Open bradbeattie opened 13 years ago
Hi,
the issue happens also inside p tags that span multiple lines. For example:
<p>this paragraph spans multiple lines<p>
shows on the browser as:
this paragraph spansmultiple lines
Note that not only the multiple leading spaces on the second line are removed, the new line is not converted to a white space, so the words spans and multiple get together.
Great tool BTW.
Hi!
I'm working on this, but I had a problem reproducing the space problem between two tags... I wrote a test to test the exactly same link case that you showed up, but I couldn't reproduce it, the test is passing... could you tell me what version you're using...?
The problem reported by @jcampanello I was able to catch on the tests, but I'll not finish the code right now. I just wanted to give an update for you guys that we are working on that. :)
Hi Flavia,
the package got installed as "django_htmlmin-0.5-py2.6.egg" (i.e: html-min v 0.5 on python 2.6).
Do you have an idea of when do you plan to release the fix?
Thanks for the effort!
José Luis
Howdy!
I'll probably solve this bug until the end of this week.
;)
Super! Thanks again!
Howdy!
Please, update to 0.5.1 :)
Flavia,
did the upgrade. Everything seems ok.
Thanks again!
According to @bradbeattie, there are still issues with white spaces removal between two tags. e.g.
<button>First</button> <button>Second</button>
I'm gonna take a look at this, and see if makes sense to fix, as soon as I can :)
Note that buttons are just one example. Inline divs will also be an issue, but you can't tell whether a div will be online or not without deep inspection of the CSS and JavaScript. And what about elements with white-space: pre
?
div's are not supposed to be inline, ever. If you need an inline element, don't use a div.
Anyway, this issue is a little tricky, I'm thinking about it...
Right, thanks for sharing :)
i'm still having the issue. Any news fsouza?

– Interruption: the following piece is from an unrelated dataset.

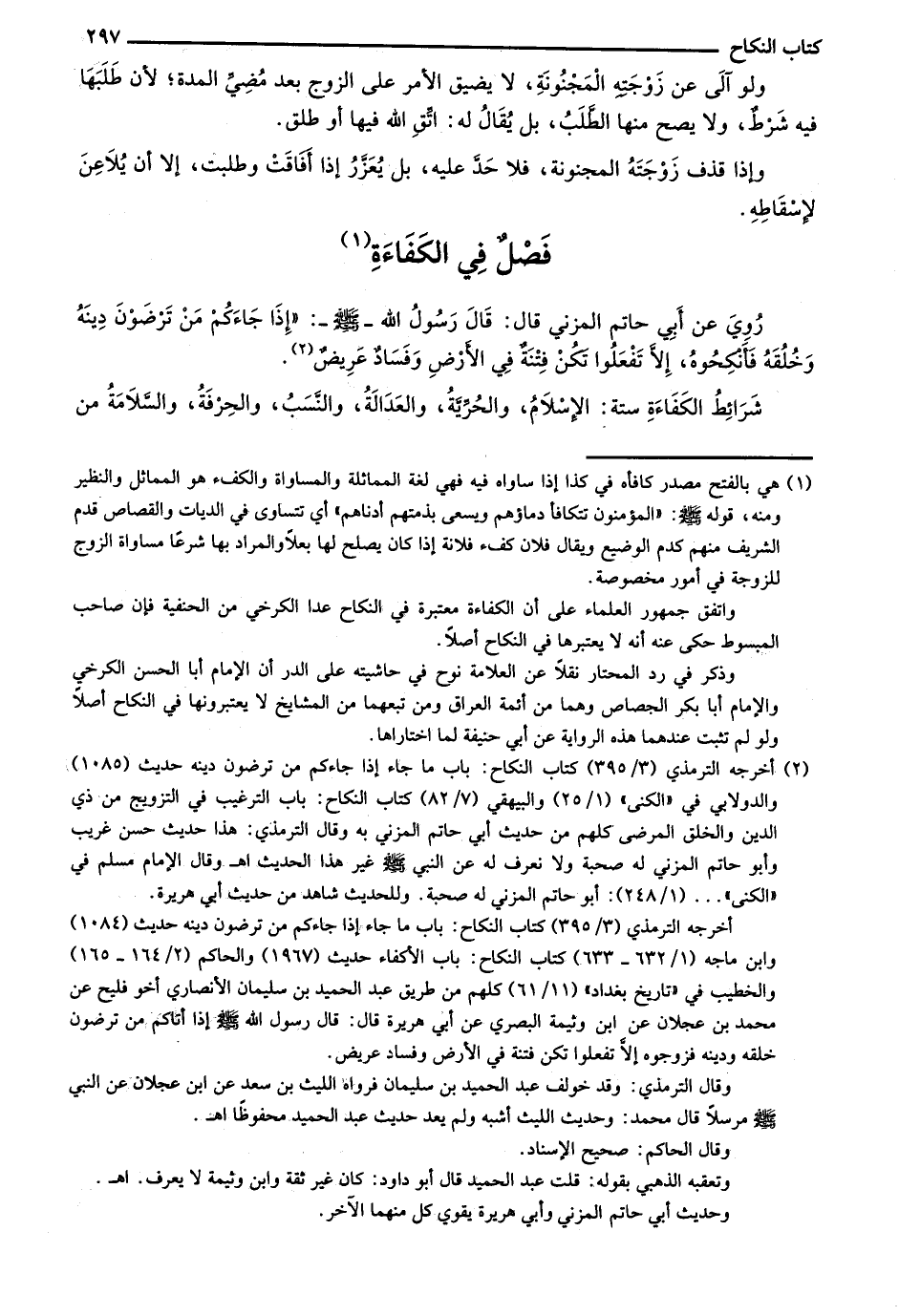 شرائط الكفاءة ستة: الإسلام، والحرية، والعدالة، والنسب، والحرفة، والسلامة من

not yet, sorry for the delay.
I'll take a look in the next weekend.
Any news on this?
ping. any news on this ? It is messing up my pages.
Looking at the code and the tests, I can see why the whitespaces are dumped and why the test passes (it is made so it passes but does not cover the real problem).

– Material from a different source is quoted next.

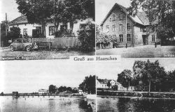| Gutshaus Volkmann (Neu-)Haarschen (+=Meta Volkmann & Herbert Bergmann) | Meta Volkmann & Herbert Bergmann | Opa Ludwig Volkmann, Hilde Volkmann, Ella Volkmann, Meta Volkmann & Herbert Bergmann um 1916 | Alte Ansichtskarte von Haarschen aus den 30-40er Jahren | ||||||||||

In htmlmin/tests/resources/line_break.html
the line starts with a whitespace which makes the test pass and gives the illusion that line break and whitespace is properly covered.

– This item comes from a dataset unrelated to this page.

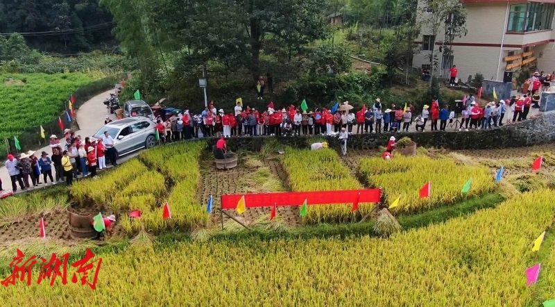桂东县融媒体中心9月23日讯(记者 郭慧稳)风吹麦浪,稻穗飘香。9月22日,在沤江镇禾坪村举行了“庆丰收、感党恩”暨2021年“我们的节日•丰收节”活动,吸引不少市民群众前来参加穿辣椒、割稻、徒手捉鱼等趣味农事竞赛,一同感受劳动的甘甜和丰收的喜悦。

I think the htmlmin.minify.html_minify()
logic is broken by design, as soon as the source is broken on line breaks it makes the proper handling of line breaks to spaces, multiple spaces, etc very difficult. I see several edge cases like \n
where this won't be rendered properly. And of course the simple <p>my text\nbroken in two lines</p>
is not rendered properly.
I think that a better way (probably slower though) would be to use beautifulsoup to dive in the dom tree and work on a element base. I'll try to implement a solution along those lines.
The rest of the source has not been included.